Françoise Arvault
Écrire un « livre-repentir » sur un défunt
À l’issue d’une conférence sur le récit de soi, une vielle dame, Madame Chevalier, vient timidement me demander s’il est possible de rédiger un livre sur une personne décédée. J’imagine qu’elle souhaite écrire sur son mari mais non, elle veut parler de son père car, me dit-elle, elle a pris conscience qu’elle l’a « raté » et voudrait réparer ses erreurs d’appréciation.
De un à trois narrateurs
Le premier entretien se déroule en présence de l’un des fils de Madame Chevalier. Très vite, les échanges révèlent que la mère et son fils n’ont pas la même perception de l’homme, que le père et le grand-père n’ont pas du tout laissé les mêmes souvenirs.
Me vient alors l’idée d’un récit à deux voix dans lequel chacun pourrait dresser un portrait du défunt. Mais le second fils ne tarde pas à manifester son souhait de participer à ce projet autour d’un grand-père qu’il a beaucoup aimé.
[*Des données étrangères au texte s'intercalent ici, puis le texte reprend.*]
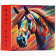 Une tête de cheval étonnante dans de nombreuses couleurs vives, avec un arrière - plan rayé coloré, crée un beau classeur pop art pour les amateurs de cheval. La colonne vertébrale est rouge-orange vif, pour vous de personnaliser.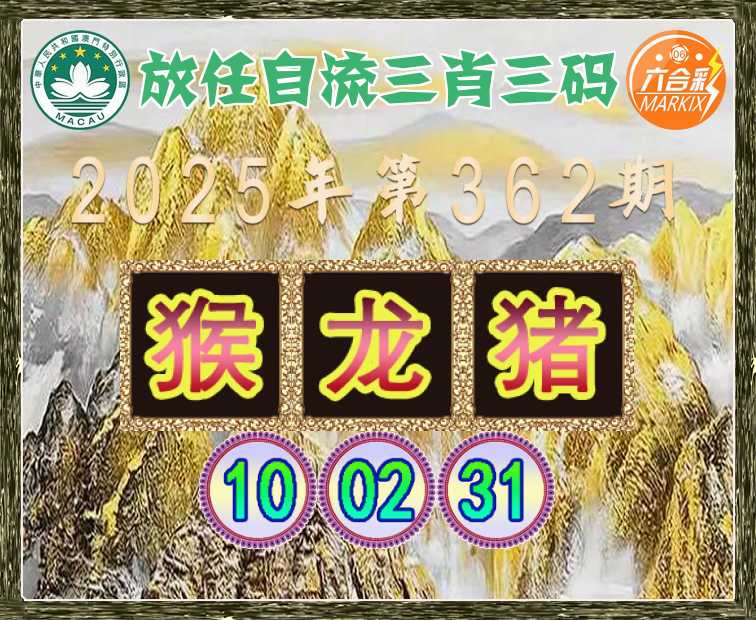 362期:【放任自流】 🤩三肖三码🤩【猴龙猪】【10.02.31】开:羊23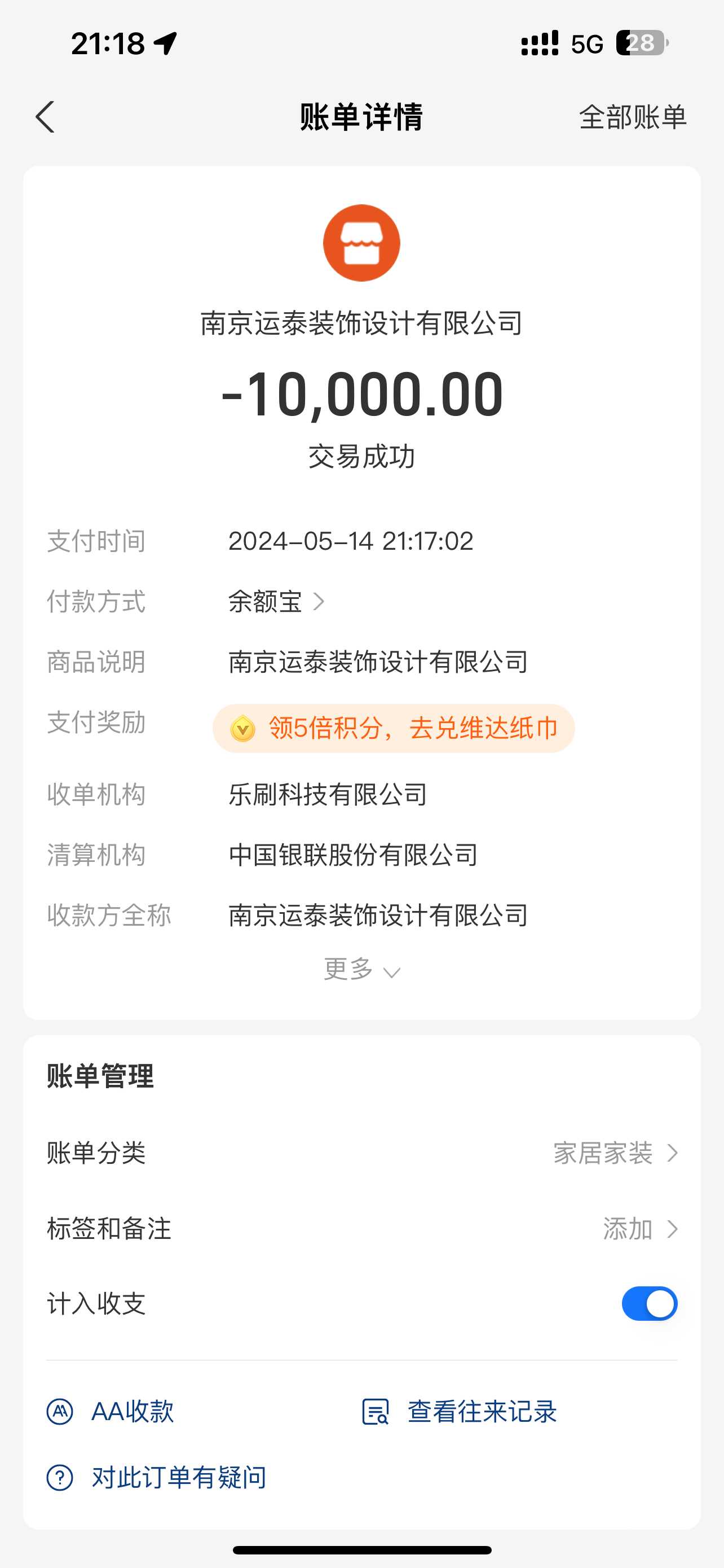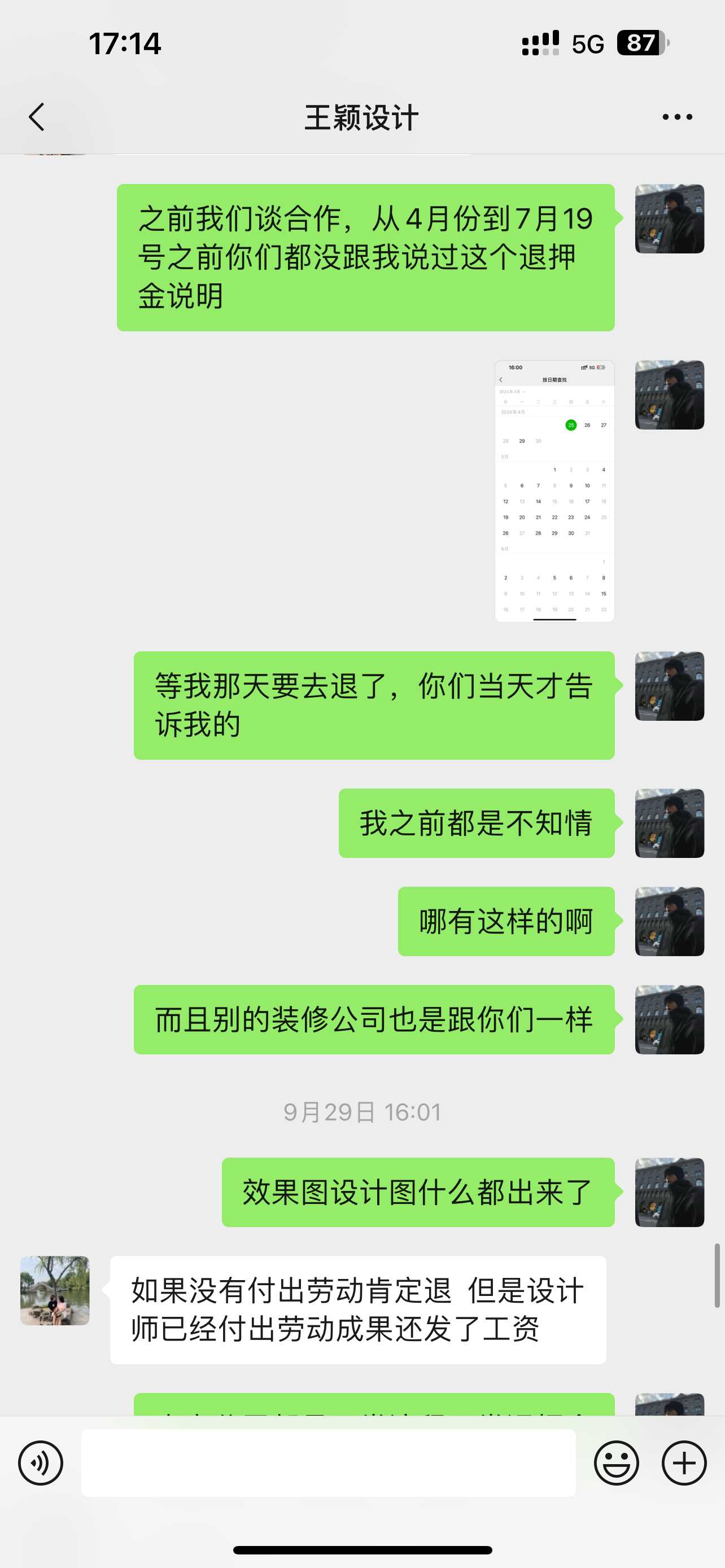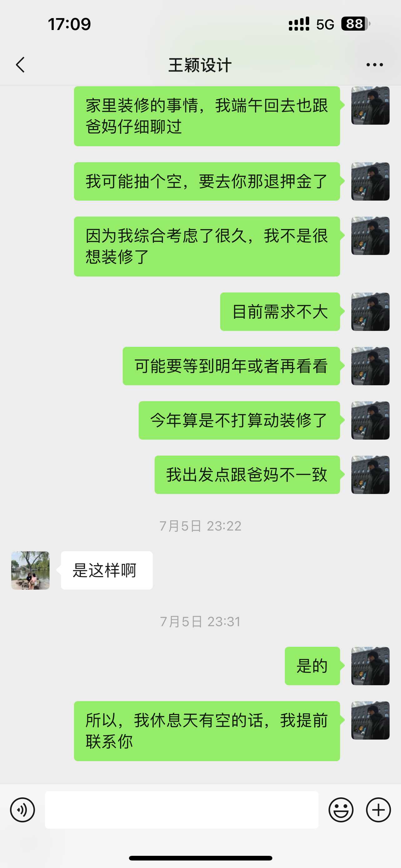 今年5月14号,到运泰装修公司,头一次跟他们公司接触了解,当天就交给他们1万块钱的订金,聊了一下午,一直跟我宣传他们公司怎么好怎么优秀,然后可以试着合作。他们也是承诺后期这个订金是可以退的,我也是当天告知我后期不一定选择你们家公司装修合作,可能是其他家装修公司,这个订金也是可以退的,他们公司也是承诺后期不选择他们家,也是把这个一万块钱 退给我的,期间过程中,我也是跟其他几个装修公司了解与合作,当天我也是跟他们告知这个情况的,他们也是知情的,当天他们公司三个人一直跟我商量然后我就交了一个订金一万块钱,发票上面也是写了(可退)的!后期过程中也是跟其他几家装修公司一起了解和合作,两个月时间,我综合考虑家里情况和需求,家里一致商量房子今年不装修了,今年装了也没人住,爸妈常年不在南京,我一直住单位公寓,长时间不回家,也没有伴侣,以后等找到伴侣考虑到结婚再继续装修房子。我7月5号就告知他们公司,综合考虑我今年打算不装修了,他们也是了解的。两星期后7月18号告知我要去他们公司进行退订金手续,而且从五月份到我当天去他们公司进行退订金这期间,也是没有告知我这期间会产生费用扣除和退订金规范,而且他们公司是免费设计的!!!他们设计费都给我算上了,真的气死人了!完全不讲诚信,两个星期时间,他们都没有找过我退订金的事情,还是我主动去他们公司进行退订金手续。7月19号当天去的他们公司,他们公司就发了他们公司的退订金规范,从一开始的5月14号到7月5号,两个月时间不到,期间他们从来就没有告知过我有退订金规范,我7月5号告知他们公司要去退订金,18号当天去的公司走流程,这两个星期中也没有告知我有退订金规范!其次我18号当天我陆续去了其他几家公司,都是进行退订金流程,别的公司都很正常的走流程退还原有账户,没有一点扯皮和困难,很轻松的见面签个字就退了。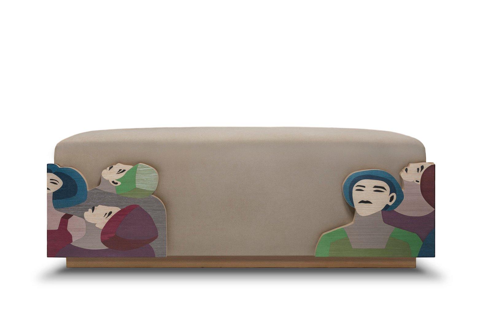 Product Type: Bench Product Code: RK57 Dimensions: 130cm width X 40cm depth X 45cm height Materials: Wood Veneers, Upholstery Delivery Time: 4 to 6 months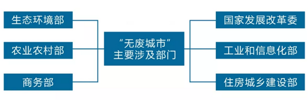 由于“無廢城市”建設(shè)試點(diǎn)涉及的技術(shù)性強(qiáng)、領(lǐng)域多、范圍廣,因此政府應(yīng)是“無廢城市”建設(shè)重要的責(zé)任主體,應(yīng)當(dāng)強(qiáng)化頂層設(shè)計(jì)引領(lǐng),發(fā)揮政府宏觀指導(dǎo)作用。下圖列示了建設(shè)“無廢城市”涉及的主要政府職能部門。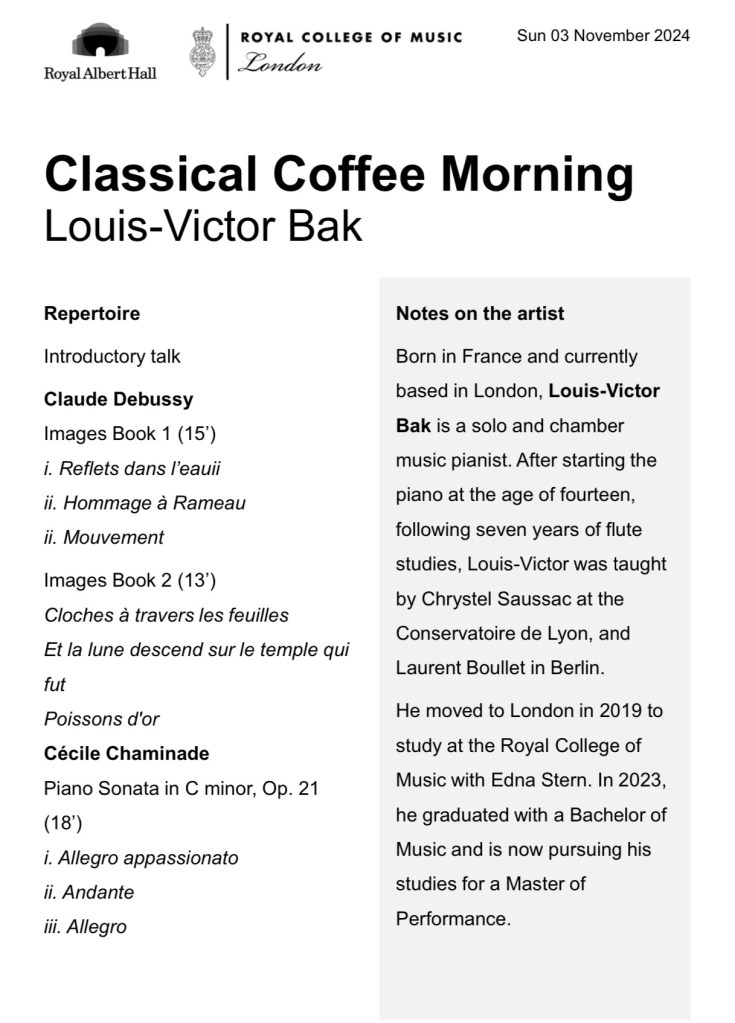 However Louis-Victor Bak filled the Elgar Room with an audience only too pleased to get up at dawn to hear such ravishing playing washed down with a much needed coffee and croissants.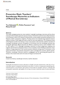Preservice Music Teachers’ Soundscape Memories as Indicators of Musical Eco-Literacy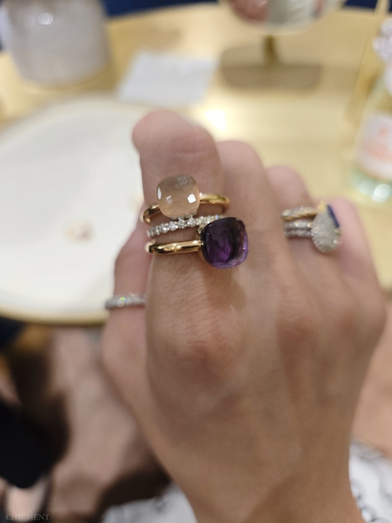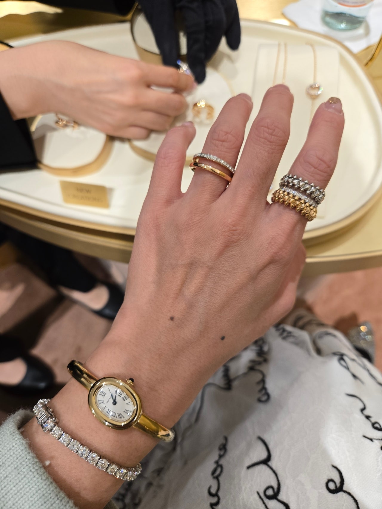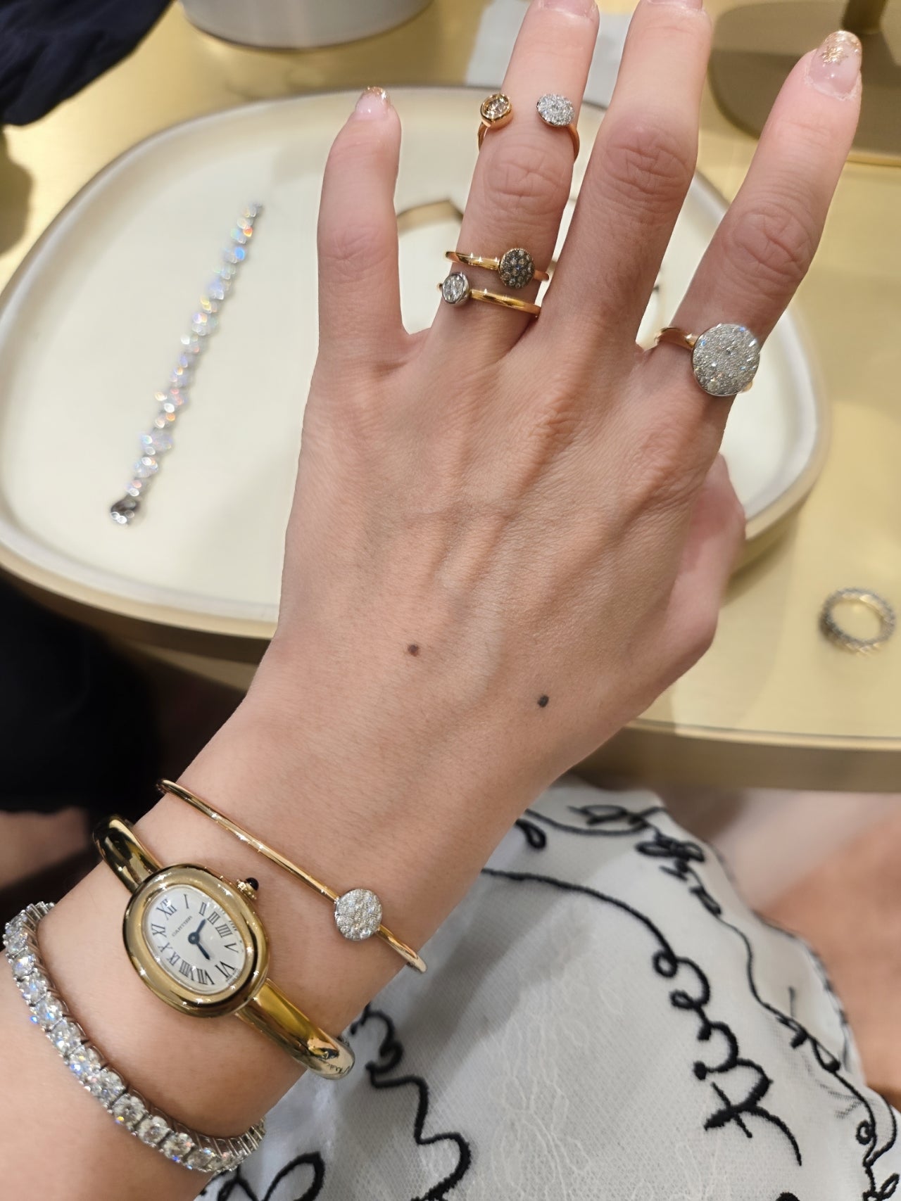 ​포멜라토는 지디가 착용한 이코니카나 카테네 같은 볼드한 라인이 있어서 한쪽은 까르띠에 베누아 뱅글과 클래쉬드 링들을 착용했구요.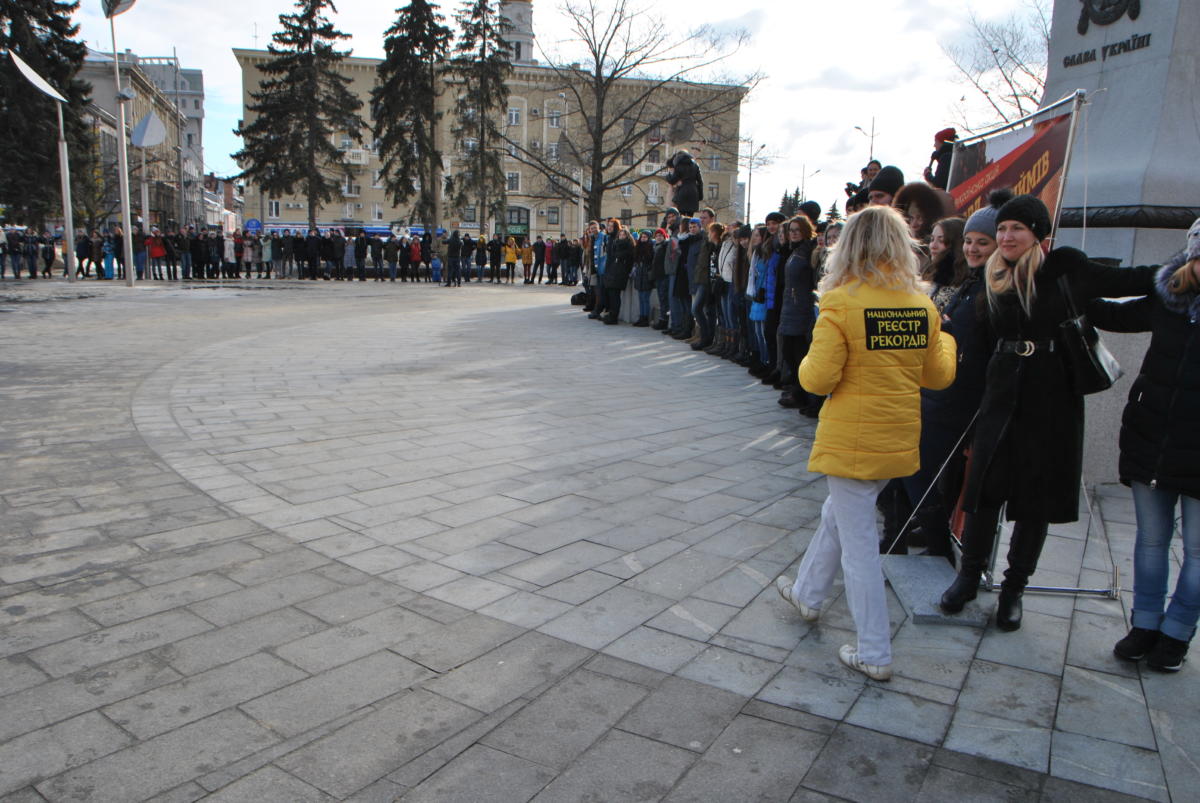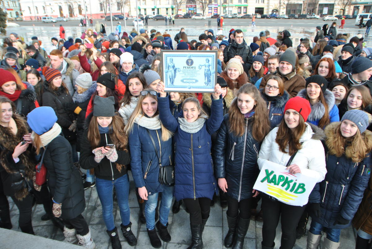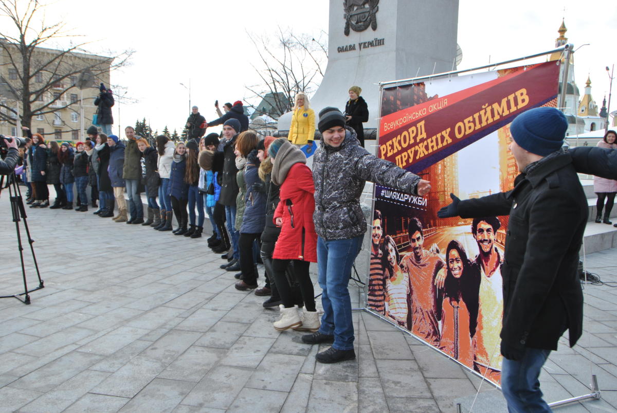 Ми, українці, любимо обійматися – факт. Бо енергії в нас через край, і ми вміємо нею ділитися один з одним навіть на відстані. Оця невичерпна енергія простих людей і спонукала експертів НРР роз’їхатися на різні боки у три різні українські міста, щоб зафіксувати один і той же рекорд. В рамках акції «Шлях дружби» люди приходили на головну площу свого міста у чітко визначений час та обіймалися зі своїми друзями. Таким чином у Харкові, Львові та Ужгороді одночасно обійнялися за плечі 1007 людей. Найбільше «обіймашок» було зафіксовано у Львові – 433, 403 – у Харкові та 170 – в Ужгороді.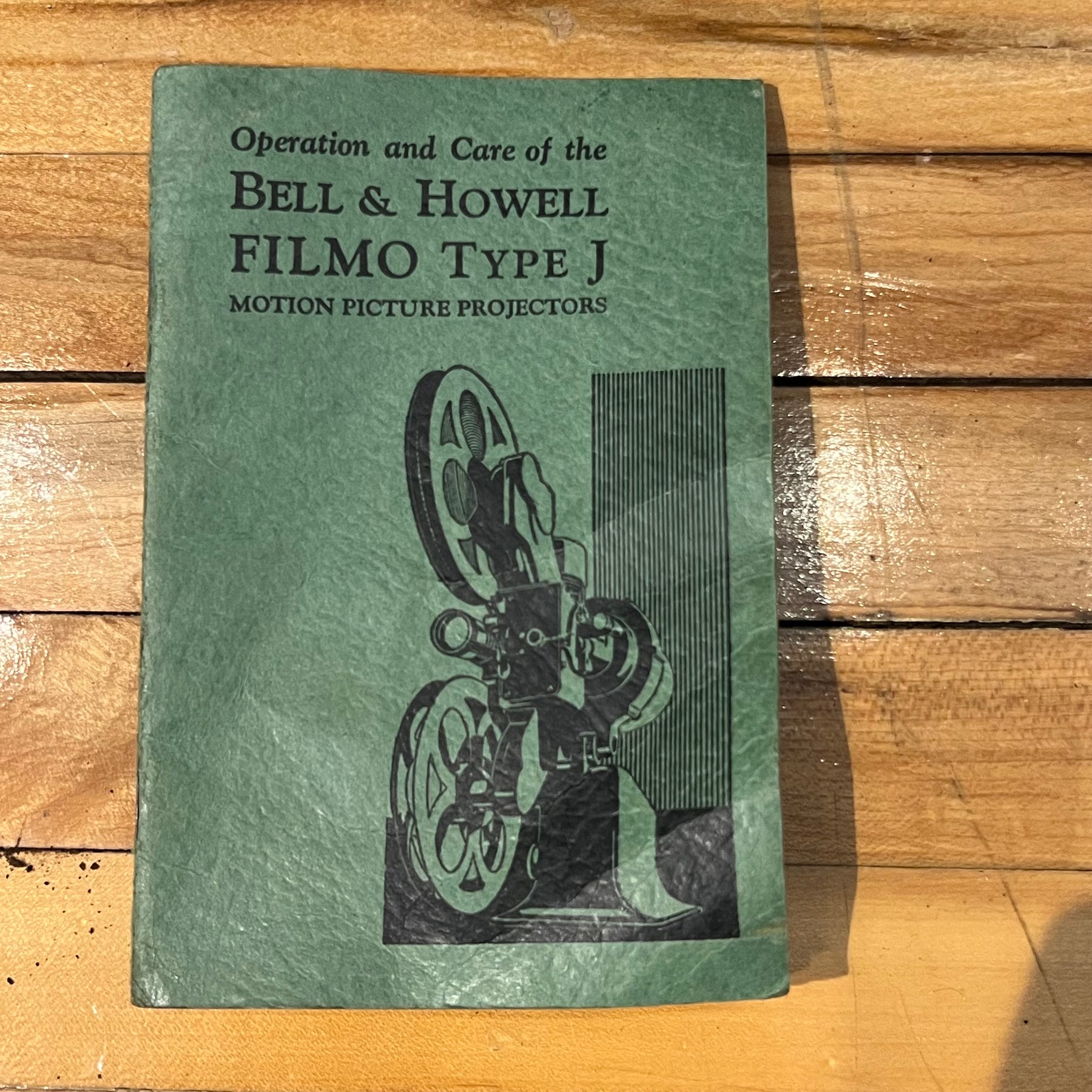 1930s-era Bell & Howell Filmo Type J (model 57) 16mm projector in working order. Forward and reverse work, bulb works, voltage meter works. Have run film through it however. Case is in good shape but missing one metal glide on the bottom, which has been replaced with a brown felt furniture glide. The black foam pad on the bottom of the projector deteriorated and got sticky, so it has been covered over with black gaffer tape. Comes with small take up reel, extra projector bulb, color lens and manual. Case does smell a bit musty inside.

Pour que chacun se sente libre d’évoquer ses souvenirs et ses émotions, je recueille les trois témoignages séparément.
Madame Chevalier raconte son adolescence perturbée par les longues absences de son père et la nécessité de garder secrètes ses activités pour la Résistance. Ses fils évoquent leur admiration pour ce grand-père érudit, les jeudis au musée du Louvre, les cours de natation pendant les vacances, etc. Au fil de leurs récits, tous les trois expriment leur admiration pour les talents artistiques de l’instituteur qui voulait être architecte avant que la guerre ne mette un terme à ses rêves de jeunesse.
De l’hommage à la sérénité
Une fois les trois textes écrits, aucun narrateur ne souhaite lire le témoignage des deux autres avant la parution du livre. Quand Madame Chevalier a enfin l’ouvrage entre les mains, elle découvre avec une grande émotion les portraits de son père dressés par ses fils. Elle nous dit qu’elle se sent apaisée par ce magnifique hommage qui lui est ainsi rendu, hommage au jeune homme qui a devancé l’appel en 1914, à l’instituteur pacifiste, au Résistant de 1940, au grand-père attentionné, au peintre meurtri par la disparition de la quasi-totalité de ses tableaux dans le bombardement de Boulogne de 1942…
Légende de l’illustration : une des 17 illustrations réalisées par Paul-Maurice Chevalier (1898-1984) pour Les Suppliciés, un témoignage sur la Grande Guerre écrit en 1927 par René Naegelen (1894-1976), qui fut son « Camarade de combat ».